===== Extracted records =====

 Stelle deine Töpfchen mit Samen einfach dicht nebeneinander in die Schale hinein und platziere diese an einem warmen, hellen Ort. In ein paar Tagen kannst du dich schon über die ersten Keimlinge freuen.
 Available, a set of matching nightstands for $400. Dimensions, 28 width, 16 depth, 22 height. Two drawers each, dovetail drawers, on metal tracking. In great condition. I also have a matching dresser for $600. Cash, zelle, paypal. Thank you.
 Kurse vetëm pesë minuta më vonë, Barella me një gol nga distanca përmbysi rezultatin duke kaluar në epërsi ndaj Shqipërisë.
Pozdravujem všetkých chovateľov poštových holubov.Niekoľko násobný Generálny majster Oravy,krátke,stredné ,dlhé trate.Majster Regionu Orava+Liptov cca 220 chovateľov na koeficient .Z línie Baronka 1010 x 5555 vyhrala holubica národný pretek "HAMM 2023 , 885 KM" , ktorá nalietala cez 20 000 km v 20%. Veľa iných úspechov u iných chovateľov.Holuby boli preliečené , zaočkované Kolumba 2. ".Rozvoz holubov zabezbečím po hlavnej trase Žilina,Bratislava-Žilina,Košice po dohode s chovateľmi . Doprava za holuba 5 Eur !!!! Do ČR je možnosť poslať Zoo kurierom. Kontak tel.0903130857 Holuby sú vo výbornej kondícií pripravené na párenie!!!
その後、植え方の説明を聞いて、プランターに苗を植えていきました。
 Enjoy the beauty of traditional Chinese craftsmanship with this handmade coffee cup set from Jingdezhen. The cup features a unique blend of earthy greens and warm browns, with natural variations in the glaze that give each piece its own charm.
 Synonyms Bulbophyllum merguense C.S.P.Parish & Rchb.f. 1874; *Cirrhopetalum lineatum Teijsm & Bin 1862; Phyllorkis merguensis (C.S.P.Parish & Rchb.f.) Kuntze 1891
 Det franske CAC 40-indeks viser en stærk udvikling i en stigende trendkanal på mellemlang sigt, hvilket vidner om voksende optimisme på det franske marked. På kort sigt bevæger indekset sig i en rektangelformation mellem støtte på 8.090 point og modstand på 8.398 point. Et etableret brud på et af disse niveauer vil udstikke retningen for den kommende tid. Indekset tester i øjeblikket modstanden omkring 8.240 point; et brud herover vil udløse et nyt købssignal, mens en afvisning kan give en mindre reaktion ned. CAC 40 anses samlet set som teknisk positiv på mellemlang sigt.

=====
===== Extracted records =====

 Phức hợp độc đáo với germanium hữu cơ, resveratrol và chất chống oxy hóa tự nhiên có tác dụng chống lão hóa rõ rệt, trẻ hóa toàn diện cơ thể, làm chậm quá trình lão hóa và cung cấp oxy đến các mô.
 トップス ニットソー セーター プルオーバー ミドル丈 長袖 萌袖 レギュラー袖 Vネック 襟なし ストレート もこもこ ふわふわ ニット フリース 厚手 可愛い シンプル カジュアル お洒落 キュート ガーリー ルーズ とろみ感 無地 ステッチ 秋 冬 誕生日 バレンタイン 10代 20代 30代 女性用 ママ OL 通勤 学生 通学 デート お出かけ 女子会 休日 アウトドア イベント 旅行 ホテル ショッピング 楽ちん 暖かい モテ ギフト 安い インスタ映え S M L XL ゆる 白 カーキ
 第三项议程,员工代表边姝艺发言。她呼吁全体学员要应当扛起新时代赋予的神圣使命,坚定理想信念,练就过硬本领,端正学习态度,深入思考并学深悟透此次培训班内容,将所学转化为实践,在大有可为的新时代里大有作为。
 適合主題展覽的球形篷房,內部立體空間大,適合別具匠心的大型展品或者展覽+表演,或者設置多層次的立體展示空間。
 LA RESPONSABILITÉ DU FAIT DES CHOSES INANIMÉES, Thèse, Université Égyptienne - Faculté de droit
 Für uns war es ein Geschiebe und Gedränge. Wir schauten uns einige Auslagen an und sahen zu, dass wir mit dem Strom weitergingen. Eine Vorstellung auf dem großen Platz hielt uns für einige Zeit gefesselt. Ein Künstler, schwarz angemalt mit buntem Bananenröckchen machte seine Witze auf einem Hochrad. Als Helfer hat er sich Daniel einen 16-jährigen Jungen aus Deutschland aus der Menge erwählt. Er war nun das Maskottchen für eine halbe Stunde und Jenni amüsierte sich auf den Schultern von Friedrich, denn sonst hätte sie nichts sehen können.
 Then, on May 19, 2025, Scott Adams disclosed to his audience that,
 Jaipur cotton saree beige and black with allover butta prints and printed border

=====

## What needs to be done
Every line of the entries above that includes "each" should be copied.

## Result for this task
 Available, a set of matching nightstands for $400. Dimensions, 28 width, 16 depth, 22 height. Two drawers each, dovetail drawers, on metal tracking. In great condition. I also have a matching dresser for $600. Cash, zelle, paypal. Thank you.
 Enjoy the beauty of traditional Chinese craftsmanship with this handmade coffee cup set from Jingdezhen. The cup features a unique blend of earthy greens and warm browns, with natural variations in the glaze that give each piece its own charm.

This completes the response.